The opinion of the court was delivered by: Ralph Zarefsky United States Magistrate Judge
MEMORANDUM OPINION AND ORDER
The Administrative Law Judge found that Plaintiff suffered from degenerative disk disease of the cervical spine, with spinal stenosis [AR12 ], a finding Plaintiff does not challenge here. Plaintiff only challenges the Administrative Law Judge's determination of her residual functional capacity, and his determination that her testimony as to the disabling nature of her pain was not credible. Neither argument is persuasive.
Plaintiff argues first that the Administrative Law Judge overstepped his bounds in determining Plaintiff's residual functional capacity because the record contains no medical source statement. (Plaintiff's Memorandum in Support of Complaint 3:20-5:5.) The record contains numerous medical records, and the Administrative Law Judge referred to them. [AR 13-14] It does not, however, contain a doctor's opinion of Plaintiff's residual functional capacity.
While the regulations make the determination of a residual functional capacity the province of the Administrative Law Judge, 20 C.F.R. § 416.927(e)(2), an Administrative Law Judge is not a doctor, and is not permitted to make medical judgments, but only legal judgments based on medical evidence. Day v. Weinberger, 522 F.2d 1154, 1156 (9th Cir. 1975). Thus, in general, an Administrative Law Judge is required to have a doctor's opinion of a claimant's functional capacity, in order for there to be substantial evidence supporting his decision. Manso-Pizarro v. Secretary of Health and Human Services, 76 F.3d 15, 17 (1st Cir. 1996). There are two reasons that that rule is not applicable here.

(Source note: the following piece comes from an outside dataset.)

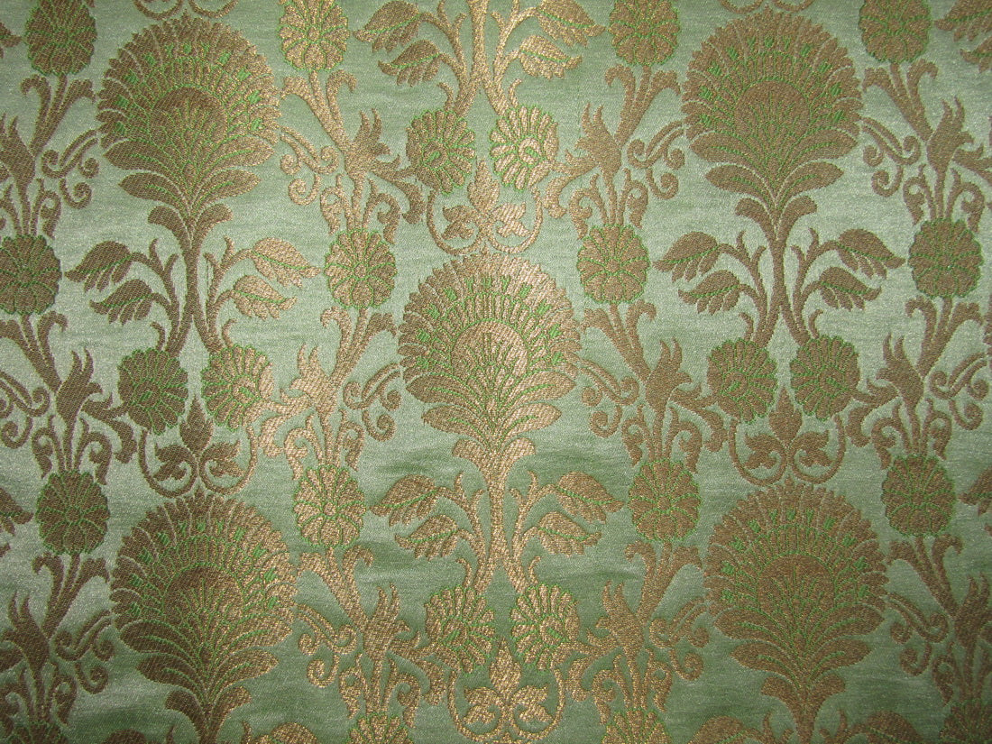 Silk Brocade fabric green x metallic gold 44" wide BRO745A[1]

First, if the medical evidence is not complicated, and its meaning is apparent to a lay person, the Administrative Law Judge can make a common-sense interpretation of the evidence, and find the claimant's residual functional capacity, without consulting a physician. Manso-Pizarro, supra, citing Santiago v. Secretary of HHS, 944 F.2d 1, 7 (1st Cir. 1991), and Gordils v. Secretary of HHS, 921 F.2d 327, 329 (1st Cir. 1990); Armstrong v. Barnhart, 287 F. Supp. 2d 881 (N.D. Ill. 2003). The evidence here fell within that category, and the Administrative Law Judge thoroughly discussed it. [AR 13-14] The only evidence of concern was an MRI of the cervical spine, that revealed mild spinal stenosis at several levels, but mild-to-moderate stenosis at only the C5-6 level. [AR 181] Even this MRI was of limited quality, according to the examiner, due to significant motion artifact. [Id.] As discussed by the Administrative Law Judge, further examinations in the succeeding few months showed normal motor strength in both arms, normal range of motion, and no atrophy. [AR 13-14] Thus, the record showed the sort of condition which a lay person could, in fact, interpret, without the aid of a further medical source.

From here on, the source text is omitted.